Records from a data collection:
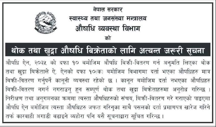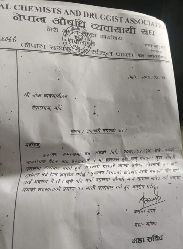 मेडिकल स्टोरबाट औषधी व्यवस्था विभागमा दर्ता नभएका कुनै पनि प्रोडक्ट बिक्री वितरण नगर्ने भनी नेपाल औषधी व्यवसायी संघ भेरी अञ्चल शाखा कार्यालयले समेत जानकारी गराई सबै मेडिकल स्टोरमा पत्राचार गरीसकेको भएपनि खुलेआम रुपमा नेपालगन्जस्थित अधिकांश मेडिकल स्टोरले मेडिकल स्टोरबाट अवैध रुपमा फुड प्रोडक्ट बिक्री वितरण गरेको पाइएको छ । नेपालगन्ज न्यूरोड स्थित औषधी व्यवस्था विभागमा दर्ता भएको एक फर्माले भर्खरै विल काटेर फुड प्रोडक्ट बिक्री गरेको प्रमाण ध्वनिखबर डटकममा सुरक्षित राखिएको छ ।
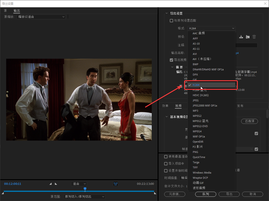 - 视频编码:H.264,预设选择「匹配源-高比特率」
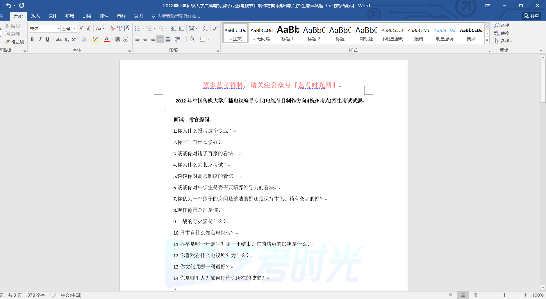 2012年中国传媒大学广播电视编导专业(电视节目制作方向)(杭州考点)招生考试试题
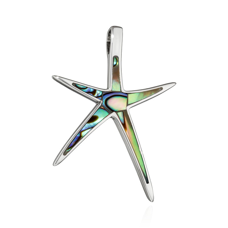 NKlaus Pendant Starfish Abalone Mother of Pearl Blue 925 Silver 34 x 29 mm Amulet 15360, Silver
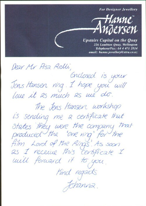 Faithful reproduction by Jens Hansen Studios (“JHS”), the jewelers in New Zealand who created the One Ring and other jewelry for the motion picture production. I have the distinction of being the first person to acquire this replica from JHS, which followed my correspondence with them about their involvement in the production. In addition to kindly indulging my curiosity, JHS offered to sell me their stock ring that was the basis of one of the versions used in the production. Soon thereafter, JHS began selling the One Ring replica, along with the chain on which Frodo carries the ring throughout the movies, on their website, with a certificate of authenticity and custom display box.
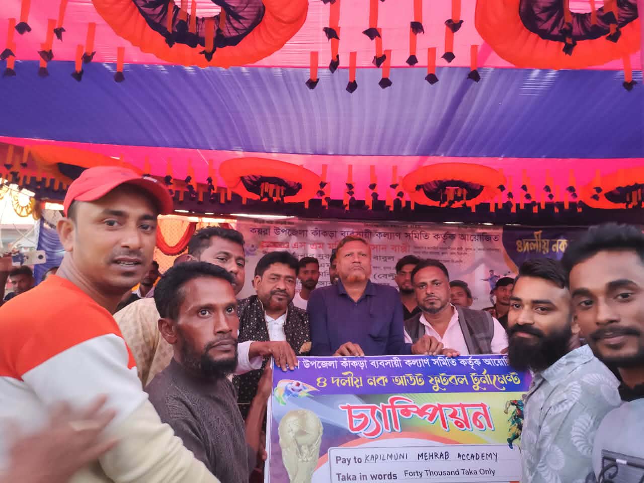 খেলায় কয়রা বাজার মিনিষ্টার শো রুম ও কপিলমুনি ফুটবল একাদশের মধ্যকর ম্যাচে টাইব্রেকারের মাধ্যমে ৫-৩ গোলে কপিলমুনি ফুটবল একাদশ চ্যম্পিয়ন হওয়ার গৌরব অর্জন করেন।

* _Task objective_: Leaving out any pictures, write the records above out exactly as they are.

* _Solved problem_:
 मेडिकल स्टोरबाट औषधी व्यवस्था विभागमा दर्ता नभएका कुनै पनि प्रोडक्ट बिक्री वितरण नगर्ने भनी नेपाल औषधी व्यवसायी संघ भेरी अञ्चल शाखा कार्यालयले समेत जानकारी गराई सबै मेडिकल स्टोरमा पत्राचार गरीसकेको भएपनि खुलेआम रुपमा नेपालगन्जस्थित अधिकांश मेडिकल स्टोरले मेडिकल स्टोरबाट अवैध रुपमा फुड प्रोडक्ट बिक्री वितरण गरेको पाइएको छ । नेपालगन्ज न्यूरोड स्थित औषधी व्यवस्था विभागमा दर्ता भएको एक फर्माले भर्खरै विल काटेर फुड प्रोडक्ट बिक्री गरेको प्रमाण ध्वनिखबर डटकममा सुरक्षित राखिएको छ ।
 - 视频编码:H.264,预设选择「匹配源-高比特率」
 2012年中国传媒大学广播电视编导专业(电视节目制作方向)(杭州考点)招生考试试题
 NKlaus Pendant Starfish Abalone Mother of Pearl Blue 925 Silver 34 x 29 mm Amulet 15360, Silver
 Faithful reproduction by Jens Hansen Studios (“JHS”), the jewelers in New Zealand who created the One Ring and other jewelry for the motion picture production. I have the distinction of being the first person to acquire this replica from JHS, which followed my correspondence with them about their involvement in the production. In addition to kindly indulging my curiosity, JHS offered to sell me their stock ring that was the basis of one of the versions used in the production. Soon thereafter, JHS began selling the One Ring replica, along with the chain on which Frodo carries the ring throughout the movies, on their website, with a certificate of authenticity and custom display box.
 খেলায় কয়রা বাজার মিনিষ্টার শো রুম ও কপিলমুনি ফুটবল একাদশের মধ্যকর ম্যাচে টাইব্রেকারের মাধ্যমে ৫-৩ গোলে কপিলমুনি ফুটবল একাদশ চ্যম্পিয়ন হওয়ার গৌরব অর্জন করেন।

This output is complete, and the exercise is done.